- Exercise details -
What should be copied is the stretch of entries below from the line with "Os frigoríficos Hisense" up to and including the line with "А как позавтракали, стали", exactly and without images.

- Exercise inputs -
_ _ _ _

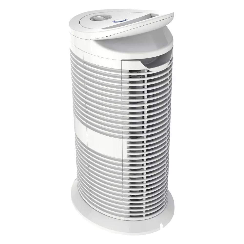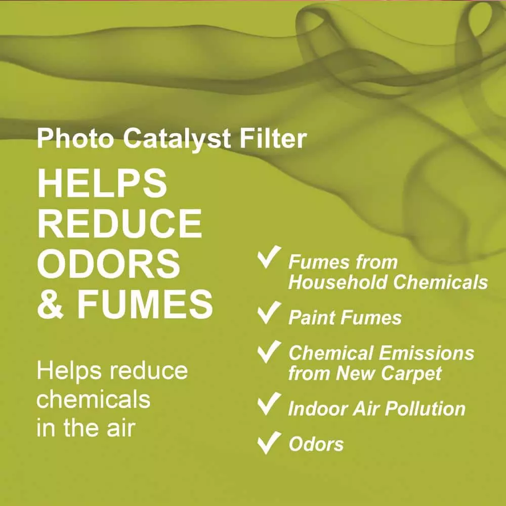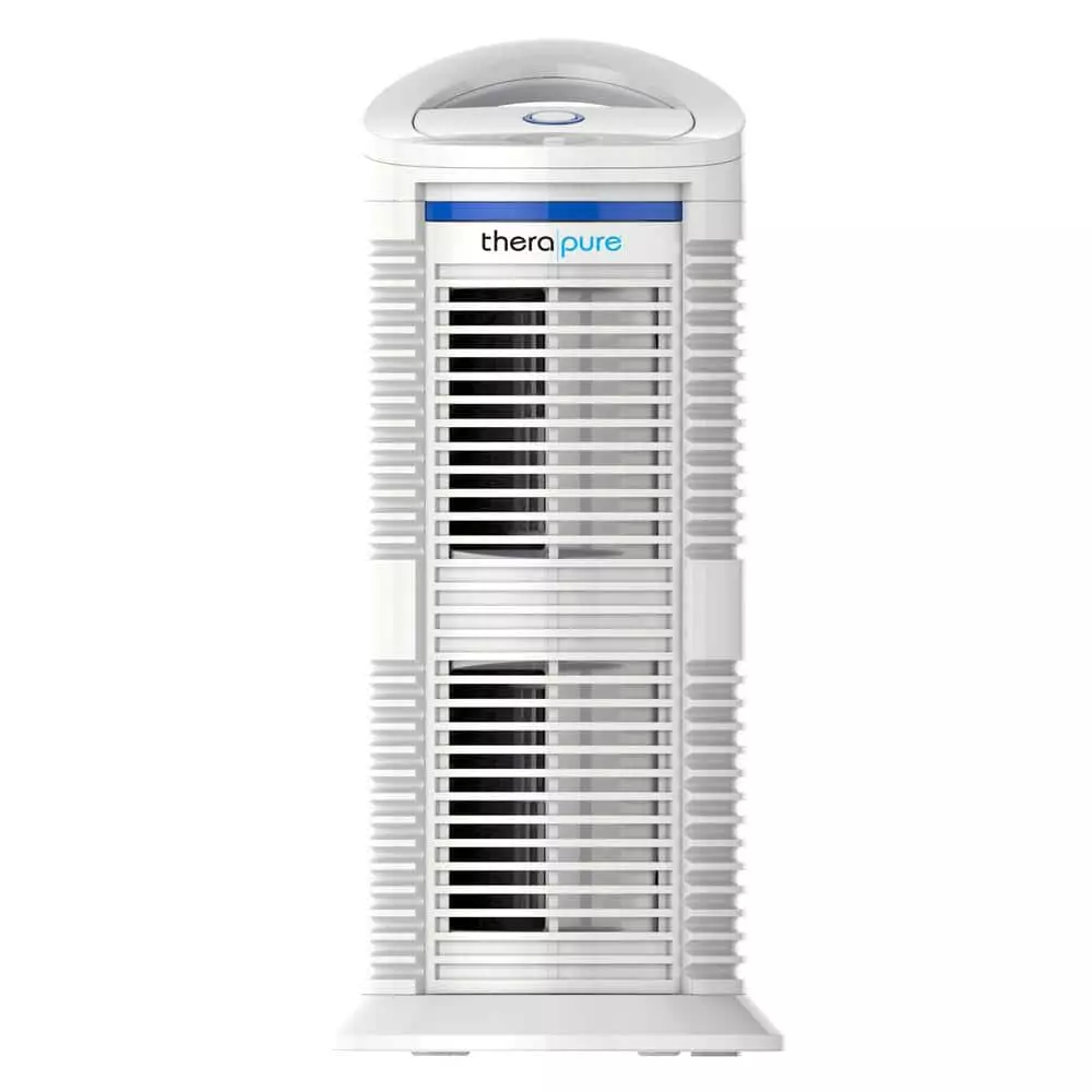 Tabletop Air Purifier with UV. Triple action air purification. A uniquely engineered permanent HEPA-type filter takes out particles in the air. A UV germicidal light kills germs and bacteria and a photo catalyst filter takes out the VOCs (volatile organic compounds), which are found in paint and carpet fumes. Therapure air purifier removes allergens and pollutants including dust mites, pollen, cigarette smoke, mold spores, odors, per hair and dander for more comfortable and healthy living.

_ _ _ _

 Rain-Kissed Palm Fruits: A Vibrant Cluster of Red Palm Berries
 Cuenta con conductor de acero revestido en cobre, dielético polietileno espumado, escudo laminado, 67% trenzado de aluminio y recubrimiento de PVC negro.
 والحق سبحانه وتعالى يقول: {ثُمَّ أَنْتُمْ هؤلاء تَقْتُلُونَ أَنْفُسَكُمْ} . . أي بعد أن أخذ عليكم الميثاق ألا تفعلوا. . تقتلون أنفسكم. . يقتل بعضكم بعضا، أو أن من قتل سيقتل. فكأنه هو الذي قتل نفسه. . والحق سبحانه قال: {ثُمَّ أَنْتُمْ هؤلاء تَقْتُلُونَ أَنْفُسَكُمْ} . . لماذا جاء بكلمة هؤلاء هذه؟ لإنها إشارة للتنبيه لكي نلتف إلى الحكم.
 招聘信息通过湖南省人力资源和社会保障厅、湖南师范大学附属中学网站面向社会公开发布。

_ _ _ _

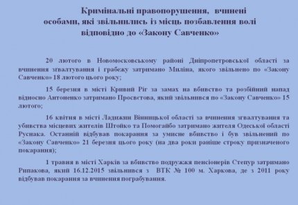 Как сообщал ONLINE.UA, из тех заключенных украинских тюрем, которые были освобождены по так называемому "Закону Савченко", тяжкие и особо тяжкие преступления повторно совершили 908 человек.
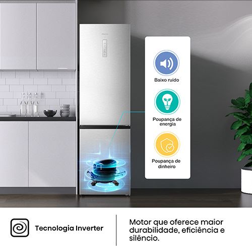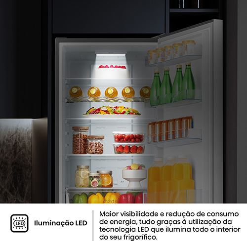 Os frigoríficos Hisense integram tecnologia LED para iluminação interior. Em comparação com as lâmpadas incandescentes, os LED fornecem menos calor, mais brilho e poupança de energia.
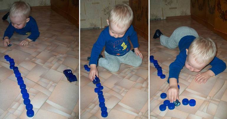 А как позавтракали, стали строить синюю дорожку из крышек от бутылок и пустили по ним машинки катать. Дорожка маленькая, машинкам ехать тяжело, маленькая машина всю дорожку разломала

_ _ _ _

- Your solution -
 Os frigoríficos Hisense integram tecnologia LED para iluminação interior. Em comparação com as lâmpadas incandescentes, os LED fornecem menos calor, mais brilho e poupança de energia.
 А как позавтракали, стали строить синюю дорожку из крышек от бутылок и пустили по ним машинки катать. Дорожка маленькая, машинкам ехать тяжело, маленькая машина всю дорожку разломала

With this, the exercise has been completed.